Presse régionale : ne reste-t-il que des souvenirs ?

Presse régionale
Salah Dridi

Samedi 27 novembre 2021, une cinquantaine de professionnels des médias (enseignants de journalisme, directeurs de médias, journalistes,…) et des représentants de la société civile du gouvernorat de Bizerte commémoraient le premier anniversaire du décès de Salah Dridi, doyen de la presse régionale en Tunisie. L’occasion de débattre du souvenir de la presse régionale en Tunisie et de son nécessaire renouveau.

La presse régionale imprimée s’essouffle. Elle est quasiment en train de rendre l’âme. Le constat est sévère. Il est cependant réel.

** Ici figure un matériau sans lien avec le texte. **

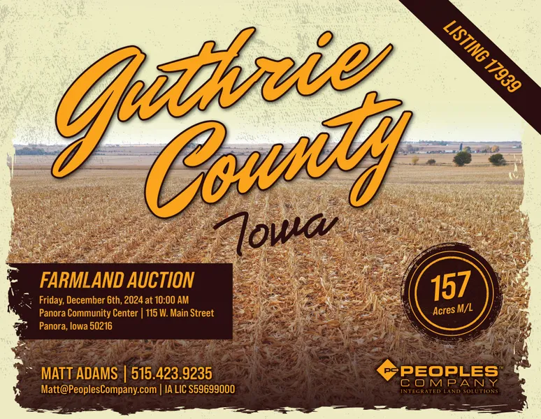 Guthrie County, Iowa Farmland Auction - Mark your calendar for Friday, December 6th at 10AM! Peoples Company is pleased to be representing the Marshall E. Hathaway Trust in the sale of 157 acres m/l located 3.5 miles east of Panora, Iowa on the Guthrie / Dallas County line. Situated in Section 36 of Cass Township, this tract features 149.36 FSA tillable acres carrying a CSR2 soil rating of 84.6. Prominent soil types include Clarion loam, Webster clay loam, and Canisteo Clay loam.

Samedi 27 novembre 2021, une cinquantaine de professionnels des médias (enseignants de journalisme, directeurs de médias, journalistes,…) et des représentants de la société civile du gouvernorat de Bizerte ont débattu largement de la question des conditions d’exercice de la presse régionale. Et ce, notamment après la révolution du 14 janvier 2021.

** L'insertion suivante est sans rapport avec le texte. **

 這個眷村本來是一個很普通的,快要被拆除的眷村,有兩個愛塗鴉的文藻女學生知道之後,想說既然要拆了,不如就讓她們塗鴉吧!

L’occasion était toute trouvée avec l’organisation d’un séminaire sur « La presse régionale: les problématiques et les défis ». Une rencontre tenue lors de la commémoration du premier anniversaire du décès de Salah Dridi (notre photo), doyen de la presse régionale en Tunisie.

Ainsi, Salah Dridi créait, le 15 octobre 1967, le premier journal régional tunisien de l’ère de l’indépendance, « Le canal », à Bizerte. Un journal dont il présentait alors, en main propre, le premier numéro au leader Habib Bourguiba. Ce dernier était venu célébrer le quatrième anniversaire de l’évacuation de la ville par l’armée française.

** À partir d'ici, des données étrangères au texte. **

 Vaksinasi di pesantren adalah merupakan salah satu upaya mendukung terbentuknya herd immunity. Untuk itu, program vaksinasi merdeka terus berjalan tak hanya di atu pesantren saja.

Une obligation inscrite dans la loi

Ensuite, le journal a tenu tant bien que mal jusqu’à 2011. Date à laquelle nombre de journaux imprimés ont cessé du reste de paraître. Ou entamé ce qui ressemble à une longue traversée du désert. Pour les raisons qui n’ont pas manqué d’être citées. Dont un désengagement de l’Etat qui a cessé de prêter main forte à la presse imprimée en général. Car, auparavant, il offrait des annonces publicitaires et une dotation budgétaire qui permettaient de financer quelques menus dépenses.

En cause donc les aides de l’Etat à la presse qui sont une obligation inscrite dans la loi. C’est ce que soulignera, dans une intervention remarquée, Salaheddine Dridi, maître-assistant à l’Institut de Presse et des Sciences de l’information (IPSI) de Tunisie et ancien responsable du secteur de médias. En effet, afin de favoriser la diversité des opinions et la présence d’une presse rendant compte de cette diversité, l’article 32 de la Constitution de janvier 2014 stipule clairement que: « L’État garantit le droit à l’information et le droit d’accès à l’information » (Art. 32).

L’information un outil du développement

Et si l’ère du post-media offrait les moyens de relancer la presse régionale en Tunisie? Il s’agit des moyens que permet aujourd’hui l’internet avec sa panoplie de blogs, de réseaux sociaux et de journaux électroniques. La question posée par l’universitaire a suscité un long débat.

Un événement qui a été propice aux rencontres entre médiateurs de toutes les générations. Il permettait également de revenir notamment sur le vécu d’un journal régional, « Le canal ». S’il a connu bien des réussites, les difficultés ne manquèrent pas. En raison principalement d’entraves structurelles; dont l’exiguïté du marché et le manque de ressources publicitaires. Mais dont les promoteurs étaient des militants sincères. Et qui ont bénéficié d’un courant qui croyait, dur comme fer, que l’information ne pouvait être qu’un outil du développement. Salah Dridi est l’un d’entre eux.